Не зря “грех” так часто рифмуется в присловьях со “смехом”. Устойчивые рифменные пары в фольклоре, в народной речи всегда фиксируют устойчивые ассоциации, постоянно “рифмующиеся” смыслы. Смех — сигнал отклонения от нормы, но и грех — тоже: “В чем смех, в том и грех”.

По этому словарю можно еще догадаться о подлинных психологических (на самом деле — онтологических) открытиях и шедеврах наших пращуров. Кто разделил бы сейчас ласковую самоиронию, смиренную, благодарную доброту и непоказную мудрость прадедовского ответа на привычный вопрос “как живете?” — “живы, своими грехами, вашими молитвами”? Кто ныне освоил бы бесскидочную, но безмерную диалектику духовного ума, “бездну премудрости” в немудрящей поговорке: “Согрешили попы за наши грехи”? [10]

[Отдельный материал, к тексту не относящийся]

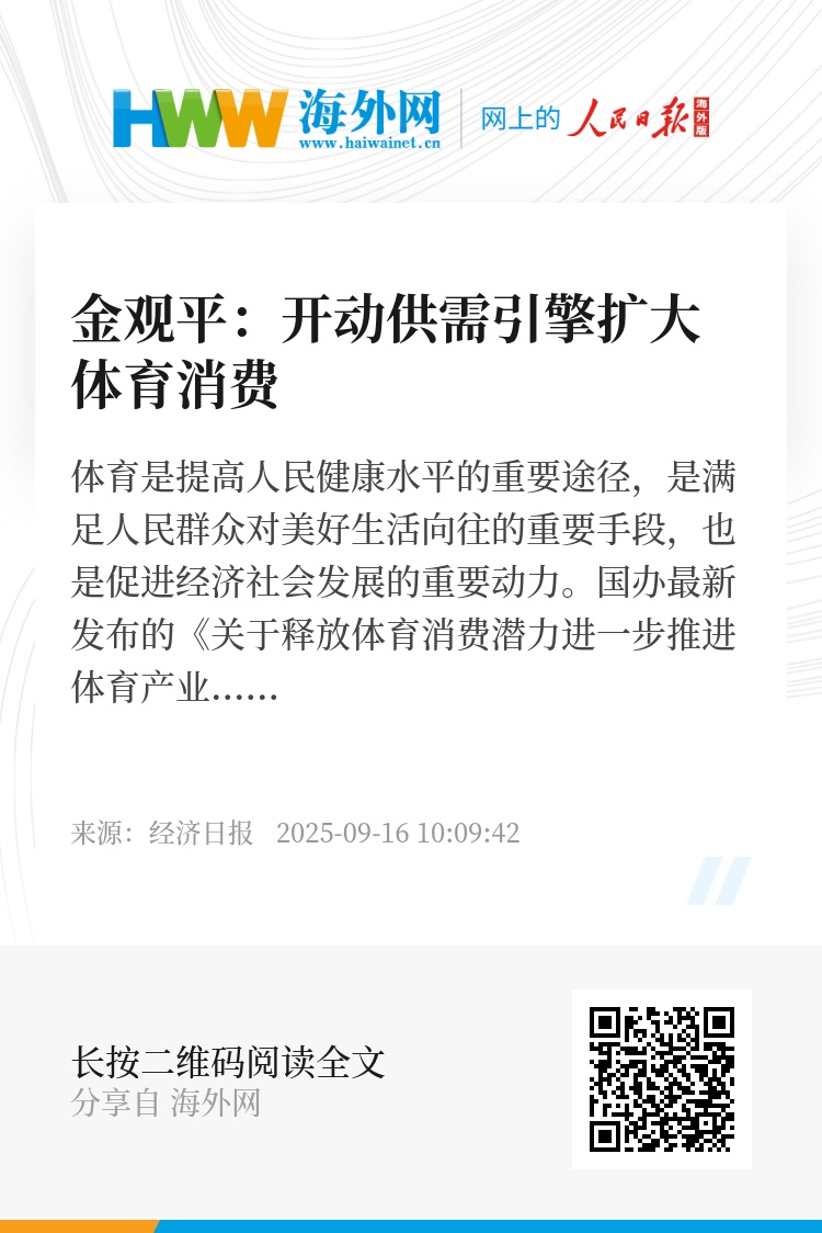 体育承载着国家强盛、民族复兴的梦想,也关系着人民群众的健康幸福和生活的丰富多彩。各方要以更大力度、更实举措推动体育消费提质扩容,为推动体育产业发展、体育强国建设注入强劲动能。(作者:金观平 来源:经济日报)

Пора, однако, оторваться от Вл. Даля и посмотреть, до чего нас довел исторический прогресс.

Год 1952-й. На излете целой сталинской эпохи выпускается второе издание, “исправленное и дополненное”, самого массового, самого общедоступного “Словаря русского языка”, составленного С. И. Ожеговым. Тираж — 150 тысяч экземпляров (по одному на каждого сотого гражданина СССР). Участвует в издании цвет отечественной науки, список фамилий — как праздничный салют. И что? Как там обстоят дела с многовековым “грехом”?

Негоже из безопасного нашего будущего хихикать над “проклятым”, но и опасным, смертельно опасным нашим прошлым. Неприлично выставлять на посмешище дежурные цитаты в предисловии к словарю — из “гениальных трудов И. В. Сталина во вопросам языкознания”. (Кто сам был тогда без цитат, пусть первый бросит камень.) Но две цитаты необходимы.

Первая не из Сталина, от автора: “Особенное внимание было обращено на уточнение формулировок в определениях значений общественно-политических терминов”. (Понятно. Старые значения из старых словарей сосланы в ГУЛАГ: в закрытые фонды немногих библиотек. Нет человека — нет проблемы. Нет у слова его векового значения — нет проблемы, есть “новояз”.)

Вторая цитата все же из Сталина. Зато какая! Оказывается, “И. В. Сталин учит, что современный русский язык по своей структуре мало чем отличается от языка Пушкина” [11] . Утешенный этим единственно верным учением, читатель открывал искомый грех (в надежде на “язык Пушкина”) — и получал...

Первое значение. “У верующих: нарушение религиозных предписаний, правил”. Второе значение: “Переносное. Предосудительный поступок”. Третье: “Разговорное. Нехорошо”. Иллюстрации: пять примеров. (Сравните: у Вл. Даля — две трети страницы огромного формата, убористым шрифтом.)

Сами примеры: “Грех пополам” — придется обоим отвечать за какую-нибудь вину, ошибку. Просторечное. “Как на грех” — как будто нарочно. Разговорное. “С грехом пополам” — кое-как, еле-еле. Разговорное. “Что (или нечего) греха таить” — нужно, следует признаться. Разговорное. “Грешок” — см. второе значение. Уменьшительное.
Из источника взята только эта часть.